**What is required**
Verbatim output, no pictures: the lines from the beginning of the material through the line with "それだけじゃない!カーテンレ", both ends kept.

**Data segment**
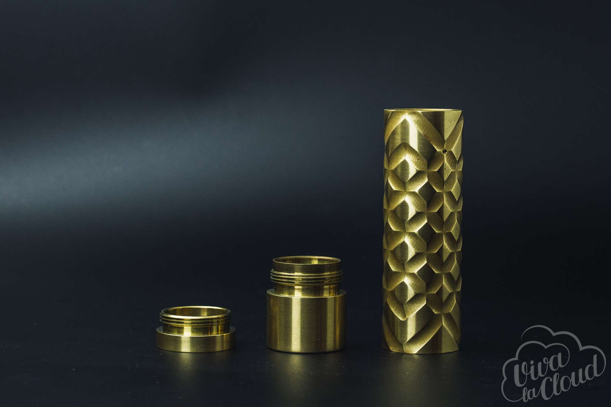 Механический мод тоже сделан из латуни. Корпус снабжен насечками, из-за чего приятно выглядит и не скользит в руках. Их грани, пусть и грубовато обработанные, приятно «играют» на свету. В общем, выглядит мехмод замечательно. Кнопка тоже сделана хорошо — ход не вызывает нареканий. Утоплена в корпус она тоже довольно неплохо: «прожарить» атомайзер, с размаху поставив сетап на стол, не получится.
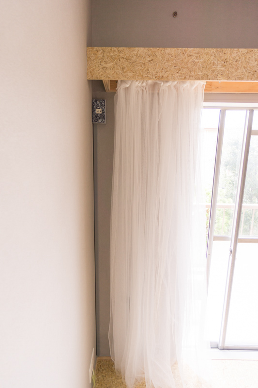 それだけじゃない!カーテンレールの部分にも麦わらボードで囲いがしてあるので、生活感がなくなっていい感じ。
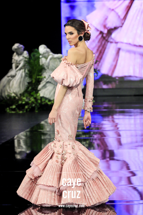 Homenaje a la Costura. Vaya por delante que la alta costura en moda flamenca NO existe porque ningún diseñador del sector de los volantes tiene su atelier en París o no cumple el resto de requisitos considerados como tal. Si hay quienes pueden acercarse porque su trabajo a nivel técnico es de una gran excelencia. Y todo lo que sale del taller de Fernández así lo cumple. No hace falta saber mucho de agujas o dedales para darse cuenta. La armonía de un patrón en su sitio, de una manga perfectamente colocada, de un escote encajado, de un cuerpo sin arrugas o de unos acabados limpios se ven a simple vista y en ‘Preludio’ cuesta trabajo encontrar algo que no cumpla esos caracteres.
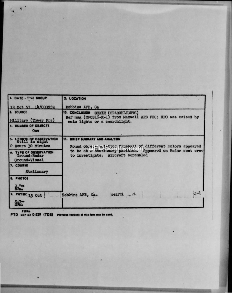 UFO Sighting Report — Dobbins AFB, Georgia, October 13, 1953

**Solution**
 Механический мод тоже сделан из латуни. Корпус снабжен насечками, из-за чего приятно выглядит и не скользит в руках. Их грани, пусть и грубовато обработанные, приятно «играют» на свету. В общем, выглядит мехмод замечательно. Кнопка тоже сделана хорошо — ход не вызывает нареканий. Утоплена в корпус она тоже довольно неплохо: «прожарить» атомайзер, с размаху поставив сетап на стол, не получится.
 それだけじゃない!カーテンレールの部分にも麦わらボードで囲いがしてあるので、生活感がなくなっていい感じ。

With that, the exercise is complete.